The lower end of a capillary tube of radius $$2.00\,mm$$   is dipped $$10.00\,cm$$   below the surface of water in a beaker. Calculate the pressure within a bubble blown at its end in water, in excess of atmospheric pressure.

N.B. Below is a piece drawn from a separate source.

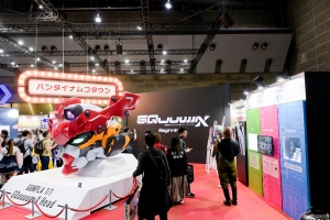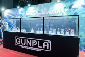 万代南梦宫集团摊位,推出以“‘机动战士Gundam GQuuuuuuX’&高达模型45周年”为首的大量展示。摊位内除了展示玛秋、娜安、修治立牌外,还有“高达模型 1/1 GquuuuuuX头部”“高达模型 1/10 GQuuuuuuX立像”“高达模型 1/10 红色高达立像”登场。
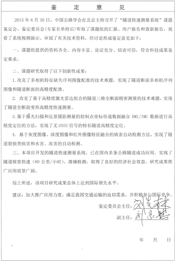 鑒定過(guò)程中,鑒定委員會(huì)聽取了卓越科技的匯報(bào)、用戶報(bào)告和查新報(bào)告,觀看了視頻演示,審閱了有關(guān)技術(shù)資料,經(jīng)討論形成鑒定意見。本項(xiàng)目開發(fā)的隧道快速測(cè)量系統(tǒng),已在國(guó)內(nèi)多條公路隧道成功應(yīng)用,實(shí)現(xiàn)了隧道病害(80公里/小時(shí))、準(zhǔn)確檢測(cè),取得了良好的經(jīng)濟(jì)社會(huì)效益,研究成果推廣應(yīng)用前景廣闊。總之:該項(xiàng)目研究成果總體上達(dá)到國(guó)際領(lǐng)先水平。

[Surface tension of water $$72 \times {10^{ - 3}}\,N/m$$   ]

Solution :
The pressure at a point just outside the bubble
$$\eqalign{ & {p_0} = {P_{{\text{atm}}}} + h\rho g = {P_{{\text{atm}}}} + 10 \times {10^{ - 2}} \times {10^3} \times 9.8 \cr & = {P_{{\text{atm}}}} + 980\,N{m^{ - 2}} \cr} $$
Now excess pressure within the bubble compared to a point just outside
$$ = \frac{{2T}}{R} = \frac{{2 \times 72 \times {{10}^{ - 3}}}}{{2 \times {{10}^{ - 3}}}} = 72\,N{m^{ - 2}}$$
$$\therefore $$ Inside pressure = excess pressure + outside pressure
$$\eqalign{ & = {P_{{\text{atm}}}} + 980 + 72 \cr & = {P_{{\text{atm}}}} + 1052\,N{m^{ - 2}} \cr} $$
$$\therefore $$ Pressure within the bubble in excess of atmospheric pressure $$ = 1052\,N{m^{ - 2}}.$$